Over 100+ press mentions and improved SEO resulted from the wiki platform systematically capturing and sharing the team’s knowledge, news, and achievements in real time. With the continuous streamlined information updating capabilities, the newsletter and social media posts triggered media interest and requests for feature stories and interviews.

The startup was acquired by Wpromote last year, thanks in part to the value of the processes and the brand the team built – largely through content collaboration efforts – all assisted by the internal wiki. “Everyone got to share the acquisition bonus,” Ginsberg said. This wiki process has also been replicated at parent company Metric Collective.

“Small businesses prioritize speed and flexibility, often at the cost of structure,” he said. “Process is not a question with a yes or no answer. It’s a spectrum. A matter of degree. Every organization must find the right way to balance the need for clarity and certainty in business processes that also allow for the necessary freedom to be creative.”

Quick Case Study #3: Agency doubles organic search impressions by discovering keyword used more frequently by its blog’s readers

Zack Duncan is the president of a digital marketing agency called Root and Branch Group and also the Digital Marketing Executive in Residence at the University of Pittsburgh. “I've been experimenting with taking existing website content and using the free insights from Google Search Console to revise, reoptimize, and republish the content in an attempt to get increased search visibility and inbound traffic,” Duncan said.

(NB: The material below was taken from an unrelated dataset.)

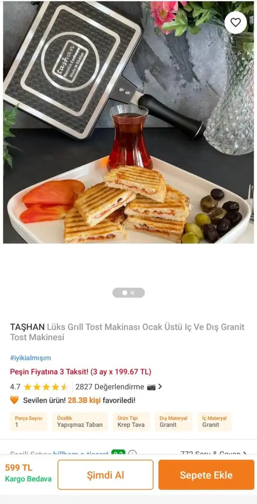 Evet anneme verdim benimkini o kullanıyor memnun.Canım taşhan marka var bende. Granit asla yapışmıyor kolayca yıkanıyor. Mükemmel bir şey tost makinesi cok gereksiz inan.

He had a blog post with an initial keyword target that was “SEO vs Local SEO.” Using Google Search Console’s Performance report with various filtering and sorting tools to analyze time, URLs, and search queries, Duncan discovered that “National SEO” might be a more effective keyword to target than just “SEO.” “It’s essentially a synonymous term, but one that was used far more frequently by my readers,” he said.

Using Search Console, he could see that the piece of content in question was getting more search visibility (as measured by impressions in Google organic search) for a keyword that he did not optimize for (“local SEO vs national SEO”) than it was for the keyword that he did try to optimize for (“SEO vs local SEO”).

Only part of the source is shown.